Hi @martinmodrak, thanks for that!
I don’t think that solves the issue however, because wouldn’t that just include the mean of the dependent variable? The “latent mean” that should be modeled in a within-between model is the mean of one or more predictor variables.
So, for instance, something like
y ~ (x-mean(x)) + mean(x) + (1 | cluster), where mean(x) is the within-cluster mean of X, for one or more X’s. The “latent mean” here is a recommendation that refers to the SEM framework, where instead of using the calculated sample mean (which is a point estimate), we can model the mean as a latent variable (which incorporates uncertainty).
Oh, I see. Then maybe using the non-linear model syntax (https://cran.r-project.org/web/packages/brms/vignettes/brms_nonlinear.html) should let you have something like (not tested):
y ~ 1 + b1 * (x - mean_x) + b2 * mean_x + (1 | cluster),
mean_x ~ cluster,
b1 + b2 ~ 1,
nl = TRUE
(note that the model coefficients become explicit in non-linear syntax)
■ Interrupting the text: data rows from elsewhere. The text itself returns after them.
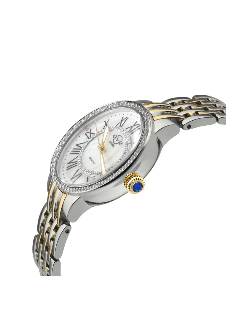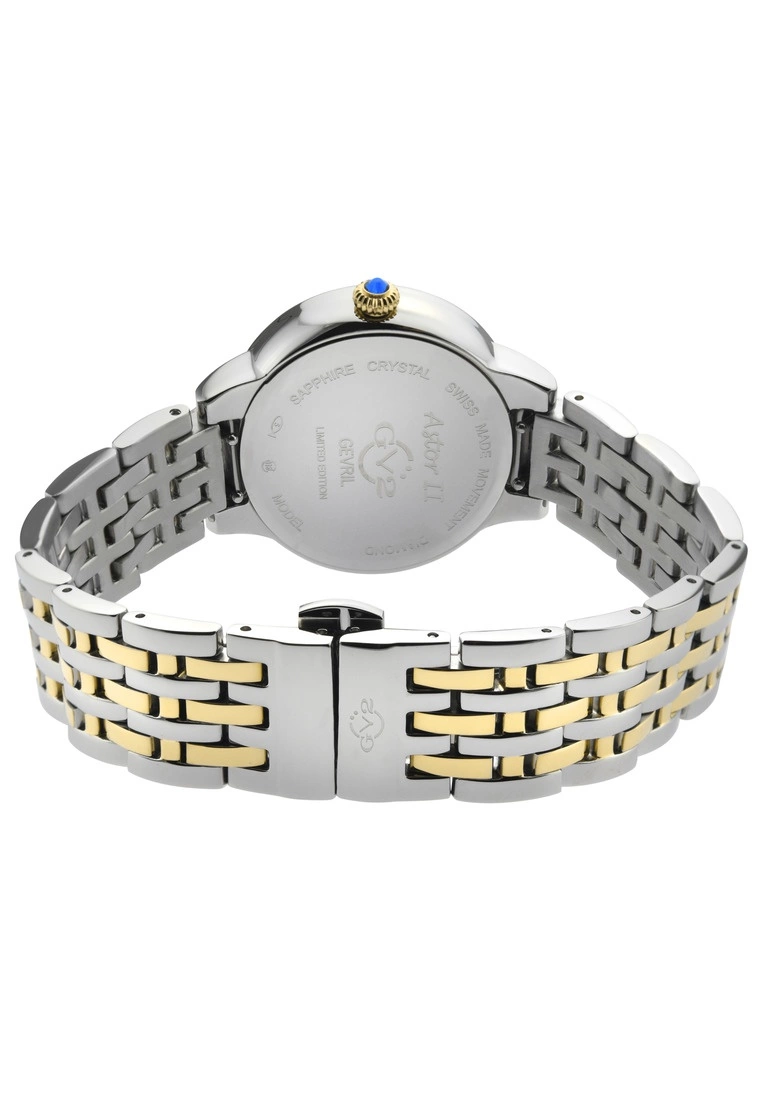 GV2 Women’s Swiss Watch from the Astor II Collection38mm 316L Stainless Steel Case with 50 Diamonds on BezelBrilliant White MOP Dial with Black Indices, 4 Single Cut Diamonds on DialPush Pull Fluted crown with Blue cabochon StoneTwo toned 316L Stainless Steel Yellow Gold Bracelet with Deployment BuckleAnti-reflective Sapphire CrystalWater Resistant to 30 Meters/3ATMSwiss Quartz Movement Ronda 763
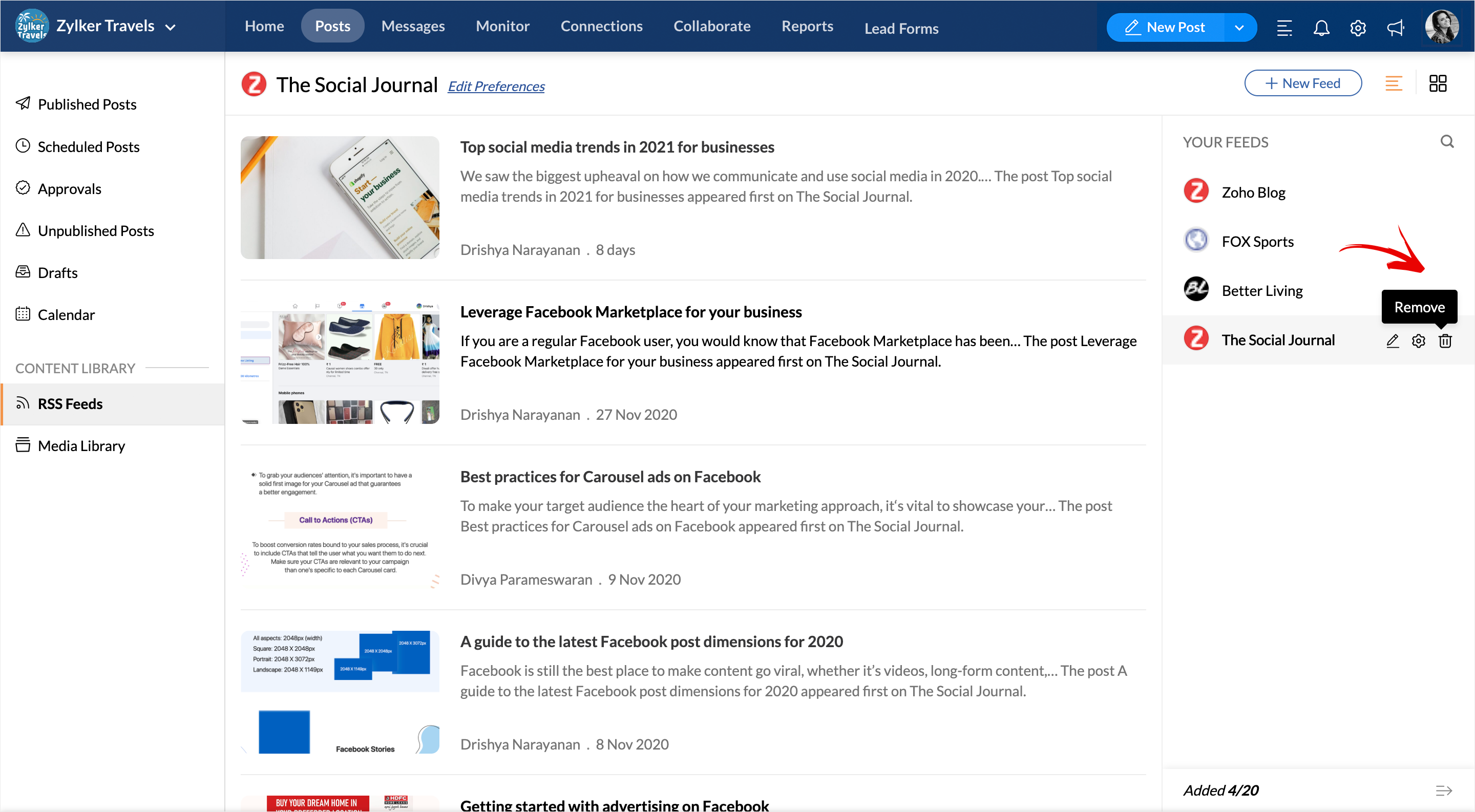 1. Click on the Posts tab on your dashboard. 2. Now, click on the RSS Feeds under Content Library. 3. Click on the +New Feed button on the top right corner. 4. Type the name of the Website or Paste the Feed link in the search bar or upload a ...
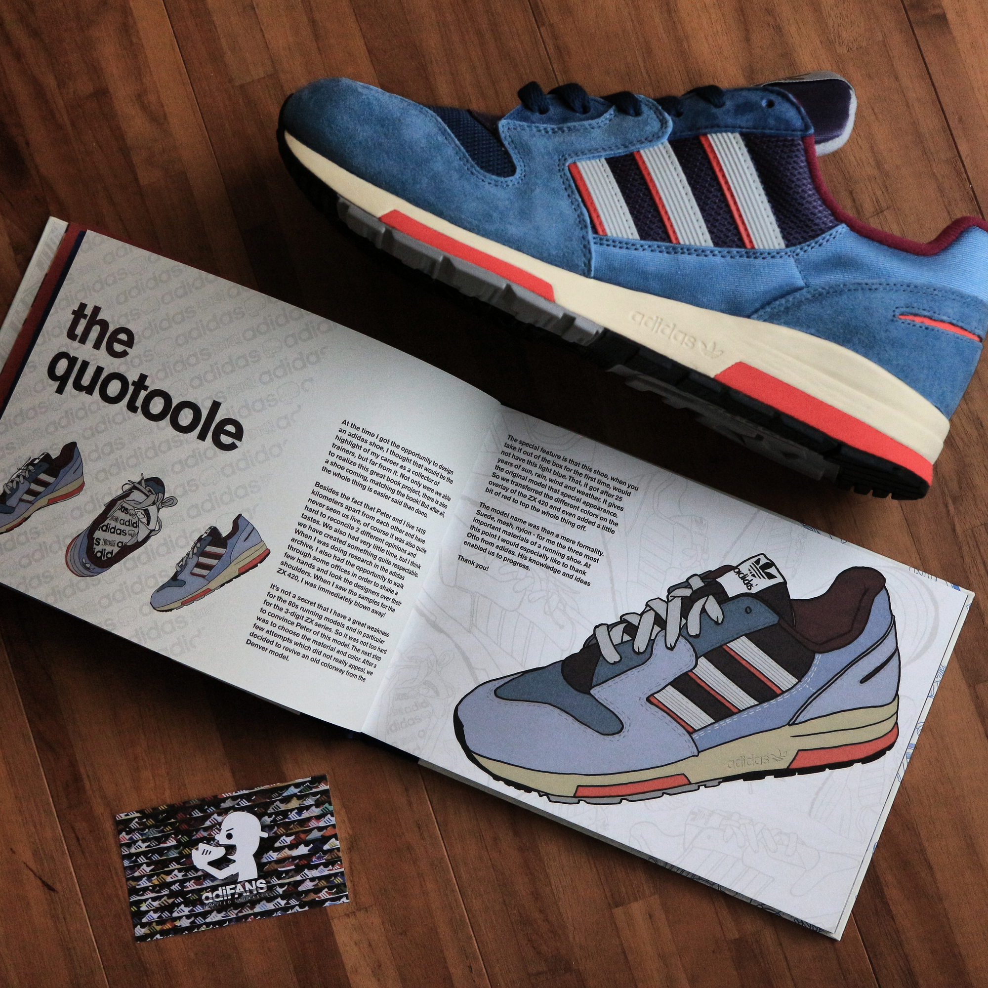 ★ 這回adidas originals團隊特別委託Peter O'Toole透過繪畫的方式, 手繪了Quote數百雙蒐藏當中的47款鞋做為介紹,包含了稀有的 Adria(1982), Aries(1986), Bristol(1988), Jupiter(1988)...等,完成了一本名為"Quote's Archive"(quote的檔案)的印刷蒐藏冊,限量發售1000本, 並於發售的同時. 特別另外販售一款由Quote與Peter O'Toole共同參與設計的ZX 420 "Quotoole"限定版(以兩人的姓名作為組合命名), 同樣全球僅發售1000雙, 相當稀有~
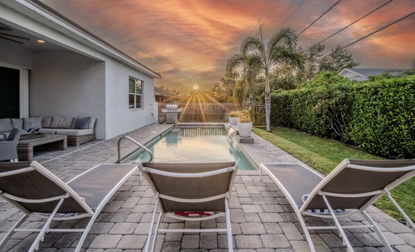 Soak up the Naples sunshine in the private backyard featuring a heated pool and spacious outdoor seating. Whether you’re lounging poolside with a book or gathering for conversations, this outdoor area is designed for relaxation.
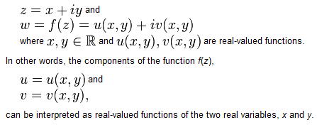 For any complex function, both the independent variable and the dependent variable may be separated into real and imaginary parts
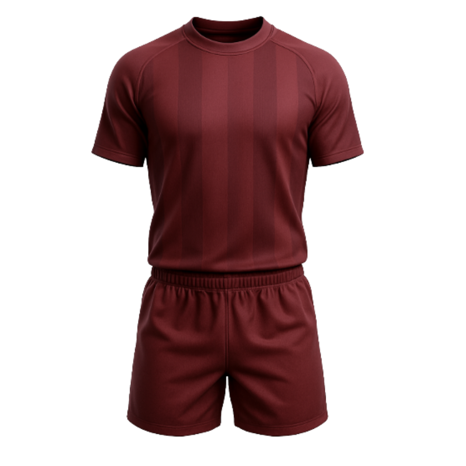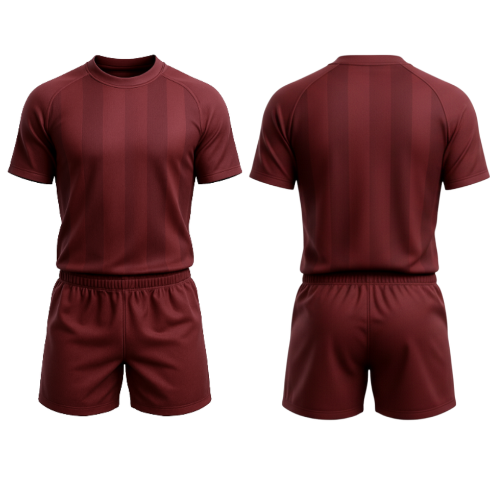 Uniforme de Rugby Personalizado por Sublimación Color Granate - Conjunto de Camiseta y Pantalones Cortos con Rayas en el Mismo Tono - Uniforme Deportivo

I am short on time, so I hope I didn’t mess up, but I think it should work (please consult the linked vignette to make sure you follow this and can double check that I am correct - I do make quite a lot of mistakes.
Best of luck!
EDIT: The above does not tie
mean_x to actual
x in any way, so you might want to add a line like
x ~ mean_x
Thanks @martinmodrak! I will try this out.